Huh… the first video is a fiction filmed with a human actor, motion capture and overlaying the 3D robot on it. As for Boston Dynamics’ robots, they are impressive but I still wonder what their commercial viability is, as in, what can they do that it’s worth what they cost and cheaper than just hiring Joe Fleshandbone to do the same?
“…and here, our 1.2 million $ janitor! Nevermind we could hire a human janitor for 60,000 hours for the same cost!”

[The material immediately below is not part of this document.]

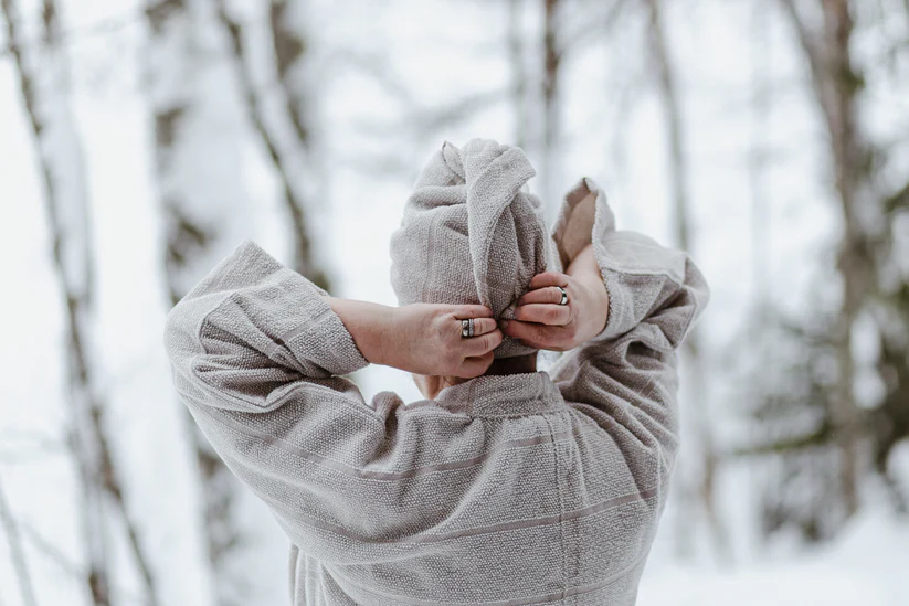 Saunos turbanas yra labai patogus dėvėti karštoje vonioje ar saunoje, nes jis laiko plaukus vietoje ir gerai apsaugo juos. Taip pat galite leisti plaukams natūraliai išdžiūti su lino turbanu. Šis rankšluostis yra labai patogus ir lengvai naudojamas.
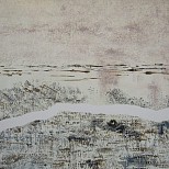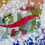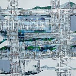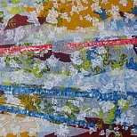 Een globale impressie van het schilderij "Samenhang" 100x100cm.

(Dog robot “Spot” retails at $ 75,000, and box mover robot “Stretch” has no disclosed retail price… but I really doubt the amount of stuff inside a commercial “Atlas” could be under the million mark and wouldn’t be shocked if it costed multi-million a piece even after full industrialization of production)
Strange, for human there is a reason why we are being tired. Surely. Else we would be going 24/7 with our brains constantly on. With neural net computers that may be the case too. Why Artificial Brains Need Sleep | Discover Magazine
What if human brain is a pinnacle of evolution, and we dont get better than that when devising our technology? We could scale it, make it faster, but not more intelligent at all, and energy need for that not optimized at all…
According to a theory by an 18th century Scottish judge named James Burnett, Lord Monboddo, the orangutans(the common name for apes back then) were close to being human, genetically, due to their capability of feeling shame. This was nearly 100 years before Charles Darwin. So, from this we can deduce that everyone, every scientist in the history, once stood on the shoulders of giants.